A topic that I didn’t discuss in my post about recommendation engines was the concept of exploitation versus exploration in terms of providing recommendations. Some unfortunate terminology here, but basically “exploitation” refers to using a person’s activity to recommend products that are similar in nature. Exploration refers to recommending products that is a bit out of the way. There is less correlation in terms of interests between the product that is recommended and what the person may have searched, viewed or bought in the past.
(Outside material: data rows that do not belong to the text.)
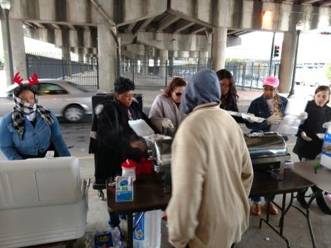 Last month, PACE’s staff did just that. Partnering with Piccadilly, the group served hot meals and distributed goodie bags containing socks, scarves, soap, toothbrushes, toothpaste and other essentials to over 125 homeless men and women in our community.
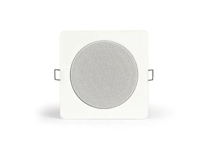 CARACTERÍSTICASAltavoz de techo con transformador de línea 100 V. Marco cuadrado y rejilla redonda.Tamaño foco halógeno.
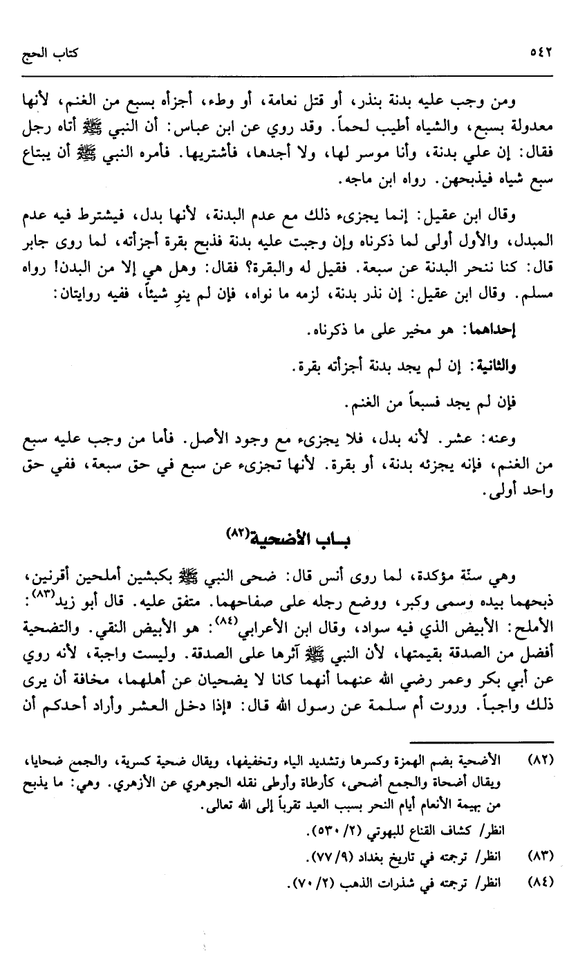 وهي سنة مؤكدة، لما روى أنس قال: «ضحى النبي - صَلَّى اللَّهُ عَلَيْهِ وَسَلَّمَ - بكبشين أملحين أقرنين، ذبحهما بيده وسمى وكبر، ووضع رجله على صفاحهما» . متفق عليه. قال أبو زيد: الأملح: الأبيض الذي فيه سواد، وقال ابن الأعرابي: هو الأبيض النقي. والتضحية أفضل من الصدقة بقيمتهما؛ لأن النبي - صَلَّى اللَّهُ عَلَيْهِ وَسَلَّمَ - آثرها على الصدقة. وليست واجبة؛ لأنه روي عن أبي بكر وعمر - رَضِيَ اللَّهُ عَنْهُمَا - أنهما كانا لا يضحيان عن أهلهما مخافة أن يرى ذلك واجباً. وروت أم سلمة عن رسول الله قال: «إذا دخل العشر وأراد أحدكم أن
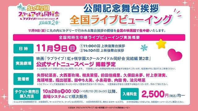 劇場アニメ「ラブライブ!虹ヶ咲学園スクールアイドル同好会 完結編 第2章」の本予告や入場特典が発表された。このほか、「完結編 第2章」の公開を記念し、特番配信やOVA「NEXT SKY」&「完結編 第1章」のノーカットおよび地上波初放送なども決定している。

Exploration is very important to increase your information about a user’s profile. Without exploration, a recommendation engine will have a very limited view of the user. For example, if a person always searches for books and you only present them with similar books, the only information you gain about the user is based on the kind of books they view. You may surmise that they are interested in cooking or travel and maybe recommend something along those lines.
On the other hand, if the recommendation engine actively seeks to provide unrelated suggestions, it can make big leaps in understanding. Instead of drawing conclusions from what the user has done in the past, you can suggest entirely new domains and see if the user is interested. For example, the lover of cooking may also be a cycling enthusiast, but has been always searching on other sites for cycle products and accessories (and maybe relies on cycling blogs instead of books for information). You would never find out, unless you suggest and find out if the user is interested.
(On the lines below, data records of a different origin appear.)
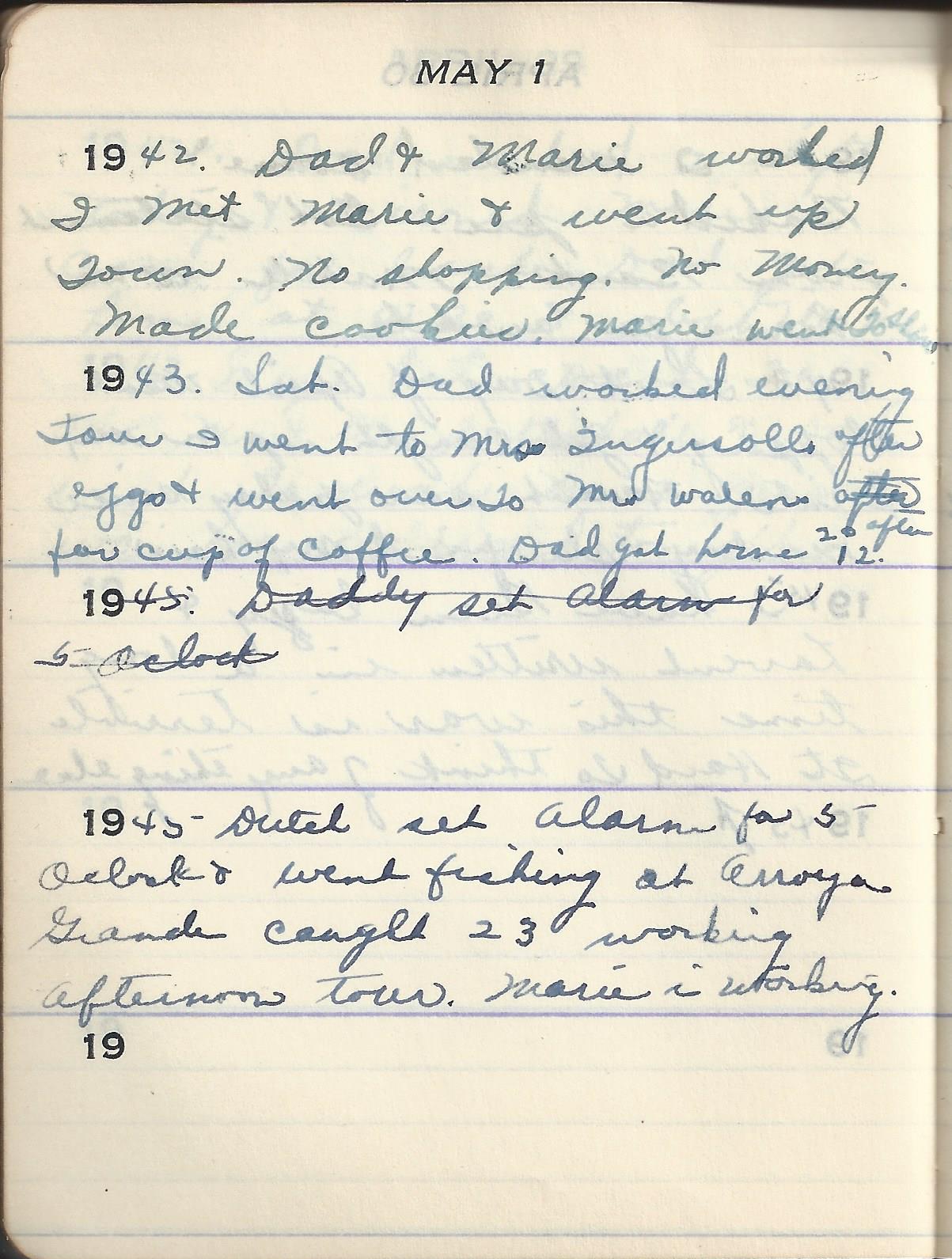 1945 Dutch set alarm for 5 oclock & went fishing at Arroyo Grande caught 23 working afternoon tour. Marie is working.
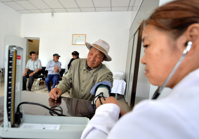 7月5日,60歲的牧民哈斯朝魯在阿巴嘎旗“哈樂穆吉”養(yǎng)老中心測(cè)量血壓。新華社記者 任軍川 攝
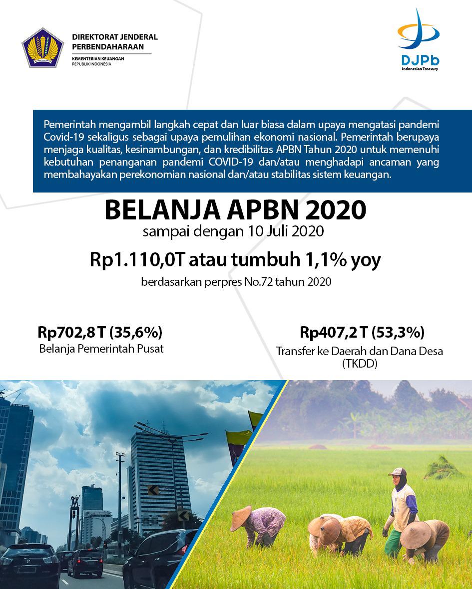 Belanja Negara secara keseluruhan sampai dengan 10 Juli 2020 mencapai 40,5% atau sebesar Rp1.110,0 triliun, tumbuh 1,1% yoy. Pertumbuhan belanja negara terutama masih dipengaruhi oleh Belanja Bansos K/L yang telah terealisasi 62,6% atau tumbuh sebesar 45,5% yoy.
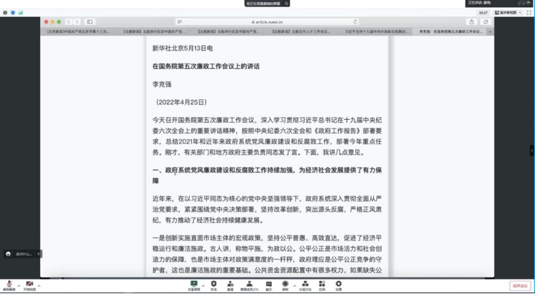 2022年8月31日下午,计算科学系师生联合党支部全体员工党员继续进行了第三季度反腐倡廉每季一课的学习,首先学习了习近平总书记主持十九届中共中央政治局第四十次集体学习发表重要讲话的内容,进一步加深全体党员对新形势下党风廉政建设和反腐败斗争的认识。其次,学习了李克强总理在国务院第五次廉政工作会议上的讲话,进一步向全体员工党员强调,要以习近平新时代中国特色社会主义思想为指导,树立正确的价值观,端正思想,严以律己,迎接党的二十大胜利召开。

Take a look at the Recommendations List image below. This is from GoodReads on their “The Adventures of Huckleberry Finn” page. They use information from other readers who liked the same page. But as you can see, all the recommendations are stories that appeal to children or young adults, most of them also adventures. The recommendation engine could try to add 1-2 books that fall outside this audience and see what happens.
One problem with exploration is that your misses can be more numerous than your hits. And that can sometimes turn off users. They may be confused and may feel that the recommendations are worthless and stop paying attention to the recommendation widgets or emails. So the majority of recommendations must be based on similar items, so that the suggestions stay useful. This introduces the possibility that the user may not even see that exploratory suggestion.
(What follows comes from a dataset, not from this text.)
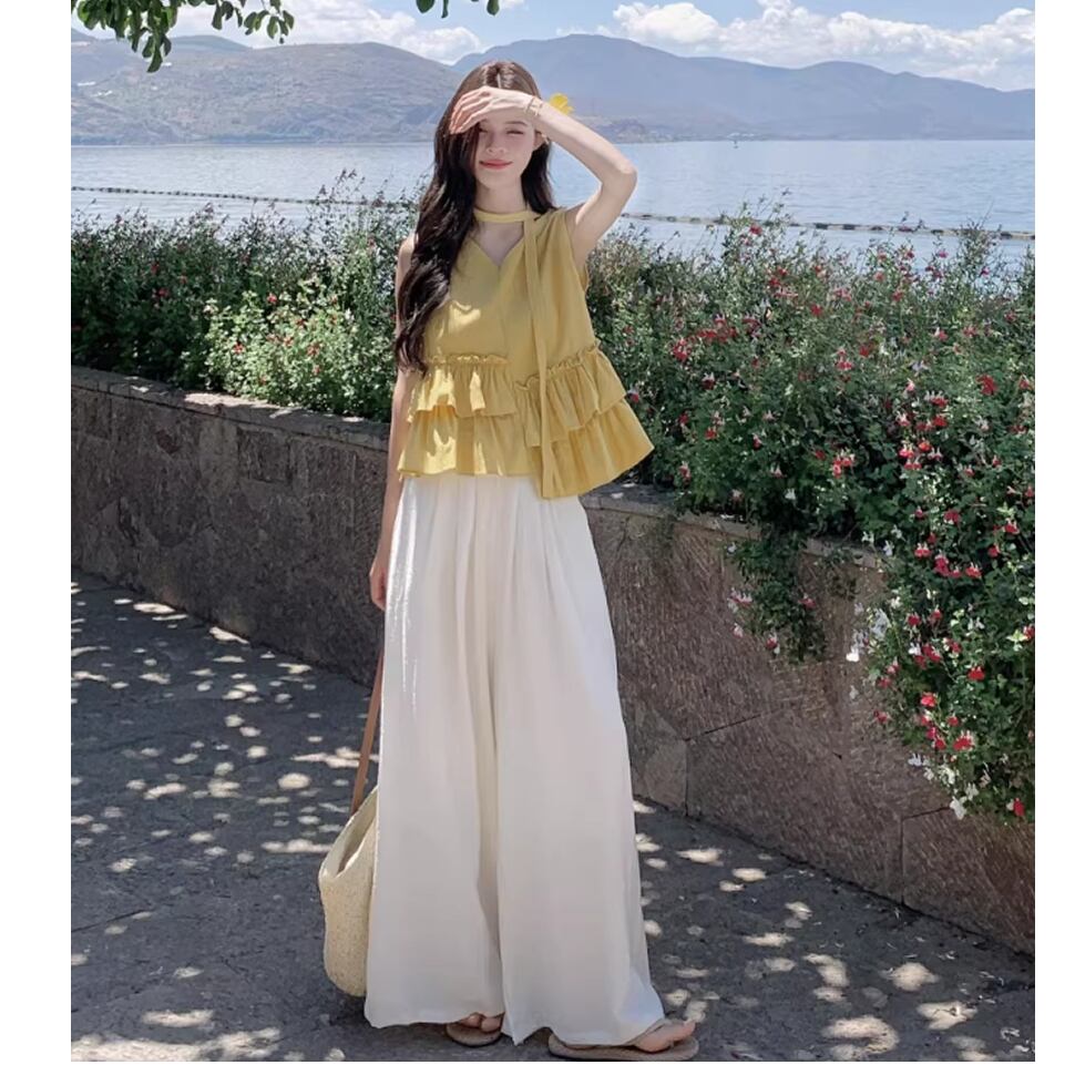 レディース ワイドレッグ カジュアルパンツ ホワイト AS13136
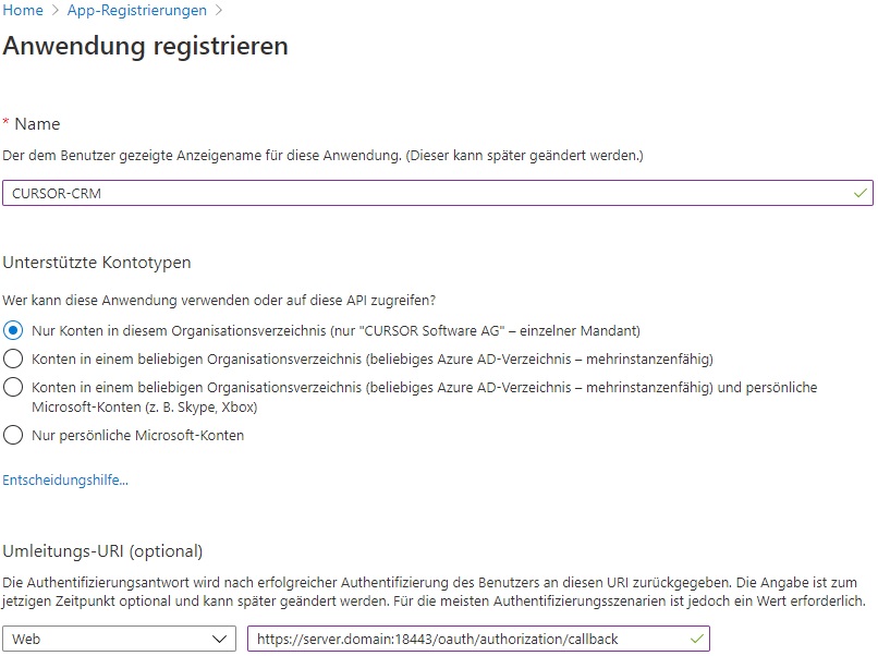 Registrierung CURSOR-CRM in der Microsoft Azure Cloud

A possibility is to tie the exploratory recommendation in the form of a reward. Perhaps a bargain sale, or some contest. For example, Amazon had this Gold Box, where there was a big deal for one item every day. You could visit it and then based on your actions (clicking, further viewing, etc.), Amazon had the potential to understand whether you liked items of that kind. I don’t think these recommendations were different for each individual, but even then, if a million people viewed the Gold Box item and some of them were found to be new interests in that kind of product, it was a net win for Amazon.
This is not only for product sales. If you are running a media site (say a newspaper), you would like readers to spend more time on your site and visit more content. So while the person visiting the op-ed pages may be more interested in business or politics, you could also try luring them to the arts and culture section, or the travel section, while still keeping the focus on their primary interests.